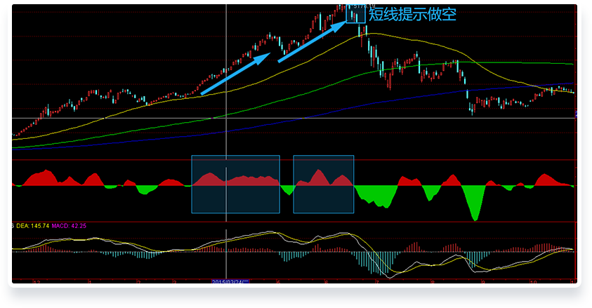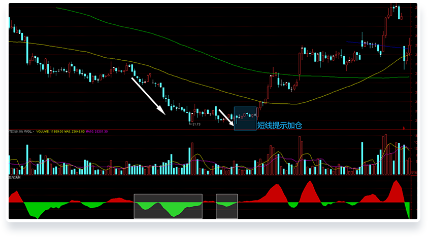 如右图,空头的两次空间和力度比较,明显是空的空间和下面的能量不足。此时空头出现衰竭,阶段性底点出现,短线提示加仓
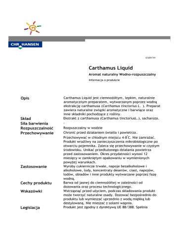 KMB0709 Carthamus Liquid Aromat naturalny Wodno-rozpuszczalny Informacja o produkcie Opis Skład Siła barwienia Rozpuszczalność Przechowywanie Zastosowanie Cechy produktu Wskazówki Legislacja Carthamus Liquid jest ciemnożółtym, lepkim, naturalnie aromatycznym preparatem, wytwarzanym poprzez wodną ekstrakcję carthamusa (Carthamus tinctorius L. ). Preparat zawiera naturalne związki aromatyczne i barwiące oraz inne składniki pochodzące z rośliny. Ekstrakt z carthamusa (Carthamus tinctoriusL.), sacharoza. Rozpuszczalny w wodzie Chronić przed działaniem światła i powietrza. o Przechowywać w chłodnym miejscu 4-8 C. Nie zamrażać. Produkt wrażliwy na zanieczyszczenia mikrobiologiczne po otwarciu pojemnika. Zaleca się przechowywanie w czystym środowisku. Unikać przedłużonego działania powietrza przed zastosowaniem. Okres przydatności wynosi 12 miesięcy w zamkniętym opakowaniu w wymienionych powyżej warunkach. Wyroby cukiernicze trwałe, napoje bezalkoholowe i alkoholowe, lody, koncentraty deserów, ciast, napojów, lodów, obiadów i inne produkty wytwarzane poprzez fazę wodną. Barwa od jasnej do ciemnożółtej w zależności od dozowania oraz procesu technologicznego. Wstrząsnąć przed użyciem, podczas składowania produkt może tworzyć naturalne osady. Dozować bezpośrednio do produktu lub wymieszać uprzednio z wodą miękką lub destylowaną. Nie mieszać z solami wapnia. Produkt jest zgodny z dyrektywą UE 88/388. Spełnia Stabilność w produkcie Opakowanie przepisy ustawy o bezpieczeństwie żywności i żywienia (Dz.U. nr 171 z 27.09.2006). Odporność na światło (słaba-dobra-bardzo dobra) Bardzo dobra Odporność na temperaturę (słaba-dobra-bardzo dobra) Dobra . 25 kg 699230 Chr. Hansen Poland Sp. z o.o. 05-152 Czosnów, Cząstków Maz. ul Gdańska 4. tel +48 22 7850205 2
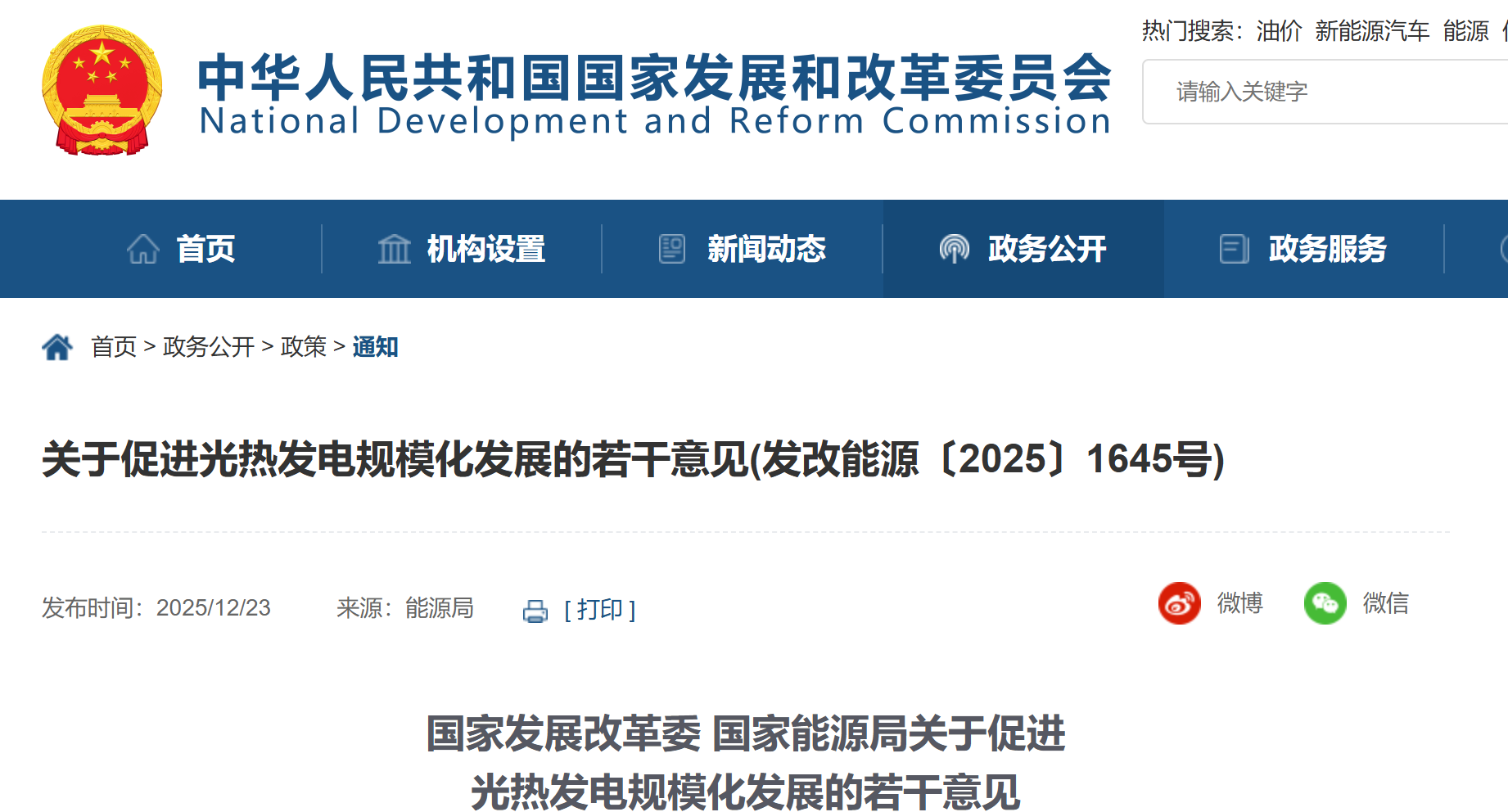 (十一)加快關鍵技術突破,促進光熱產業降本增效。加快關鍵技術、材料與裝備研發,支持光熱發電頭部企業與科研機構組建研發聯合體,聚焦高效聚光吸熱換熱、規?;L時高溫儲熱、能量高效轉換、高靈活性光熱機組、智慧化控制等領域,開發新型大開口槽式集熱器、高精度定日鏡、低成本長壽命儲熱材料、新型透平等國產化關鍵裝備,全面提升我國光熱核心技術自主化及關鍵裝備國產化水平。強化光熱領域應用基礎研究,突破高參數“光-熱-電”轉換及高效熱能存儲等科學理論,鼓勵顛覆性技術創新。
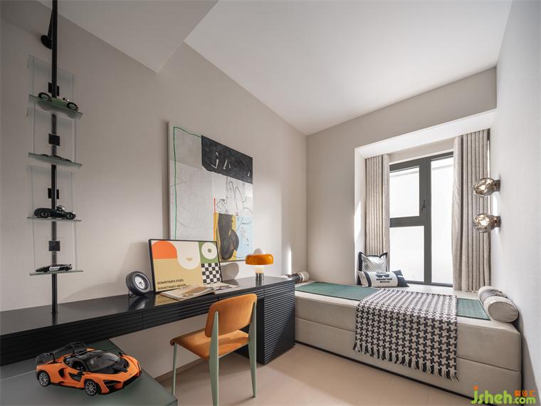 儿童活动室力求实现尺寸的最优化利用,集亲子、玩乐、学习等多场域于此,并因势结合飘窗,以蔓延相连的软包垫,铺展整体利落之貌。汽车主题的陈设充盈室内,让热血少年的梦想随风驰骋。
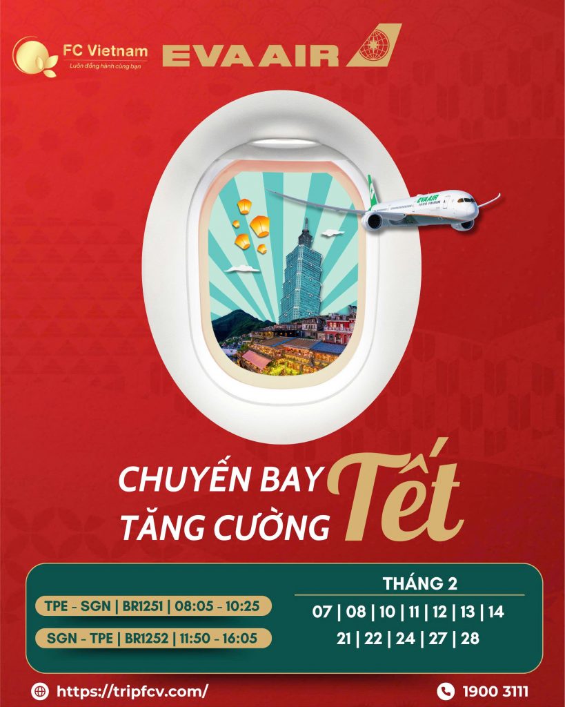 Đặt vé sớm – giữ chỗ đẹp – bay an lành cùng F.C Vietnam! Eva Air Tăng Cường Chuyến Bay Tết 2026 | SGN ⇄ TPE Tết đến gần rồi – bạn đã sẵn sàng cho hành trình du xuân – đoàn viên – sum họp chưa? Nhằm đáp ứng nhu cầu đi lại [...]
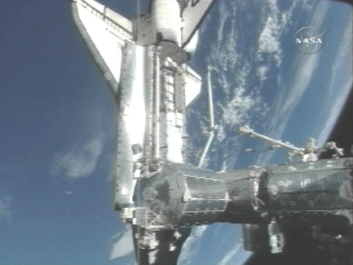 圖為美國國家航空和航天局發(fā)布的“發(fā)現(xiàn)”號與國際空間站對接電視截圖。
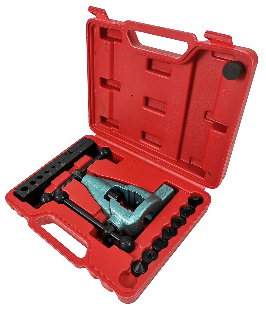 Инструмент для развальцовки труб ТА-М1081 это набор профессиональных приспособлений для изгибания медных и латунных трубок. Позволяет обжимать трубки различных систем: охлаждения, кондиционирования, водопроводные и газовые.
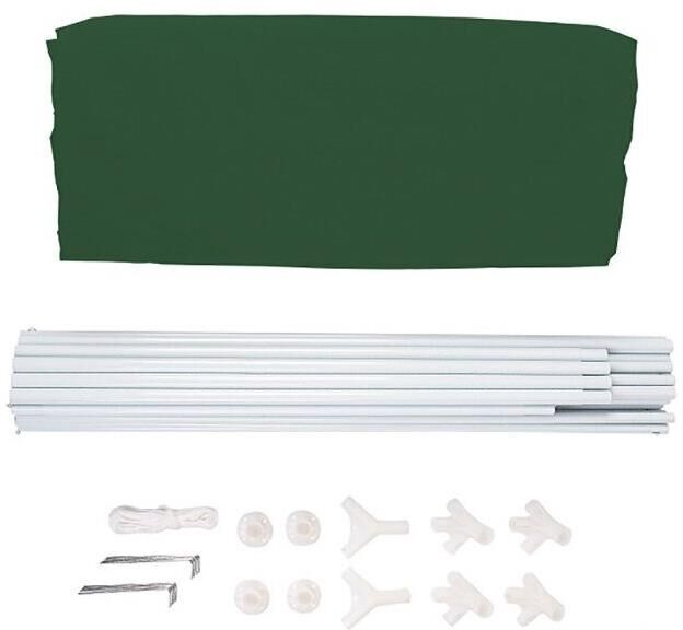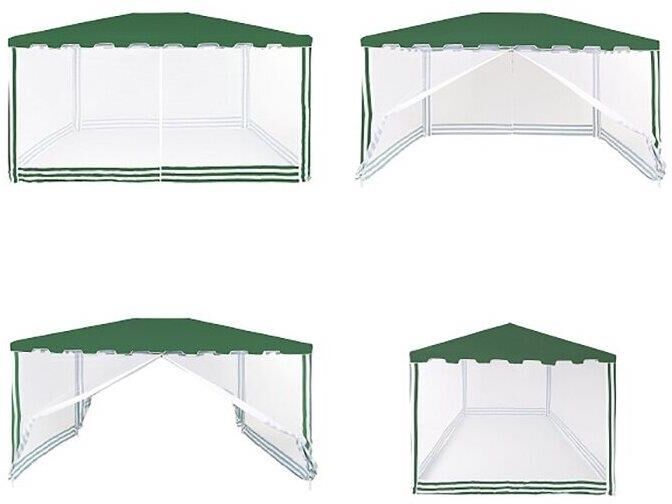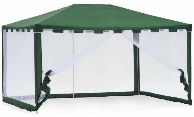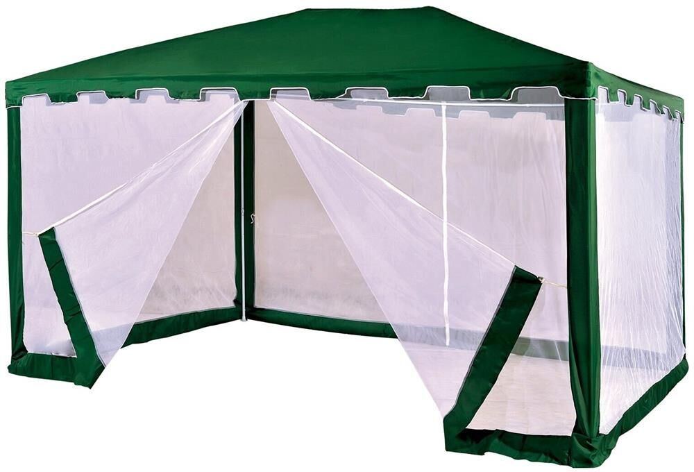 Тент садовый из полиэстера – практичное и популярное решение для использования на даче, пикниках, шашлыках и кемпинге. Крыша тента защитит от солнца, а москитные сетки избавят от насекомых. Тент садовый из полиэстера быстро и несложно монтируется и закрепляется с помощью растяжек. • Размер: 3х4х2,5 м • Цвет: зеленый • Материал: полиэстер 160 г • Каркас: металлическая трубка (19х19х25 мм) • Москитная сетка: да • Карниз: зубчатый • Вес брутто: 10 кг • Размер упаковки: 108х18х20 см

■ TASK BRIEF: Write out the material above exactly, and omit the pictures it holds.

■ EXERCISE ANSWER:
 如右图,空头的两次空间和力度比较,明显是空的空间和下面的能量不足。此时空头出现衰竭,阶段性底点出现,短线提示加仓
 KMB0709 Carthamus Liquid Aromat naturalny Wodno-rozpuszczalny Informacja o produkcie Opis Skład Siła barwienia Rozpuszczalność Przechowywanie Zastosowanie Cechy produktu Wskazówki Legislacja Carthamus Liquid jest ciemnożółtym, lepkim, naturalnie aromatycznym preparatem, wytwarzanym poprzez wodną ekstrakcję carthamusa (Carthamus tinctorius L. ). Preparat zawiera naturalne związki aromatyczne i barwiące oraz inne składniki pochodzące z rośliny. Ekstrakt z carthamusa (Carthamus tinctoriusL.), sacharoza. Rozpuszczalny w wodzie Chronić przed działaniem światła i powietrza. o Przechowywać w chłodnym miejscu 4-8 C. Nie zamrażać. Produkt wrażliwy na zanieczyszczenia mikrobiologiczne po otwarciu pojemnika. Zaleca się przechowywanie w czystym środowisku. Unikać przedłużonego działania powietrza przed zastosowaniem. Okres przydatności wynosi 12 miesięcy w zamkniętym opakowaniu w wymienionych powyżej warunkach. Wyroby cukiernicze trwałe, napoje bezalkoholowe i alkoholowe, lody, koncentraty deserów, ciast, napojów, lodów, obiadów i inne produkty wytwarzane poprzez fazę wodną. Barwa od jasnej do ciemnożółtej w zależności od dozowania oraz procesu technologicznego. Wstrząsnąć przed użyciem, podczas składowania produkt może tworzyć naturalne osady. Dozować bezpośrednio do produktu lub wymieszać uprzednio z wodą miękką lub destylowaną. Nie mieszać z solami wapnia. Produkt jest zgodny z dyrektywą UE 88/388. Spełnia Stabilność w produkcie Opakowanie przepisy ustawy o bezpieczeństwie żywności i żywienia (Dz.U. nr 171 z 27.09.2006). Odporność na światło (słaba-dobra-bardzo dobra) Bardzo dobra Odporność na temperaturę (słaba-dobra-bardzo dobra) Dobra . 25 kg 699230 Chr. Hansen Poland Sp. z o.o. 05-152 Czosnów, Cząstków Maz. ul Gdańska 4. tel +48 22 7850205 2
 (十一)加快關鍵技術突破,促進光熱產業降本增效。加快關鍵技術、材料與裝備研發,支持光熱發電頭部企業與科研機構組建研發聯合體,聚焦高效聚光吸熱換熱、規?;L時高溫儲熱、能量高效轉換、高靈活性光熱機組、智慧化控制等領域,開發新型大開口槽式集熱器、高精度定日鏡、低成本長壽命儲熱材料、新型透平等國產化關鍵裝備,全面提升我國光熱核心技術自主化及關鍵裝備國產化水平。強化光熱領域應用基礎研究,突破高參數“光-熱-電”轉換及高效熱能存儲等科學理論,鼓勵顛覆性技術創新。
 儿童活动室力求实现尺寸的最优化利用,集亲子、玩乐、学习等多场域于此,并因势结合飘窗,以蔓延相连的软包垫,铺展整体利落之貌。汽车主题的陈设充盈室内,让热血少年的梦想随风驰骋。
 Đặt vé sớm – giữ chỗ đẹp – bay an lành cùng F.C Vietnam! Eva Air Tăng Cường Chuyến Bay Tết 2026 | SGN ⇄ TPE Tết đến gần rồi – bạn đã sẵn sàng cho hành trình du xuân – đoàn viên – sum họp chưa? Nhằm đáp ứng nhu cầu đi lại [...]
 圖為美國國家航空和航天局發(fā)布的“發(fā)現(xiàn)”號與國際空間站對接電視截圖。
 Инструмент для развальцовки труб ТА-М1081 это набор профессиональных приспособлений для изгибания медных и латунных трубок. Позволяет обжимать трубки различных систем: охлаждения, кондиционирования, водопроводные и газовые.
 Тент садовый из полиэстера – практичное и популярное решение для использования на даче, пикниках, шашлыках и кемпинге. Крыша тента защитит от солнца, а москитные сетки избавят от насекомых. Тент садовый из полиэстера быстро и несложно монтируется и закрепляется с помощью растяжек. • Размер: 3х4х2,5 м • Цвет: зеленый • Материал: полиэстер 160 г • Каркас: металлическая трубка (19х19х25 мм) • Москитная сетка: да • Карниз: зубчатый • Вес брутто: 10 кг • Размер упаковки: 108х18х20 см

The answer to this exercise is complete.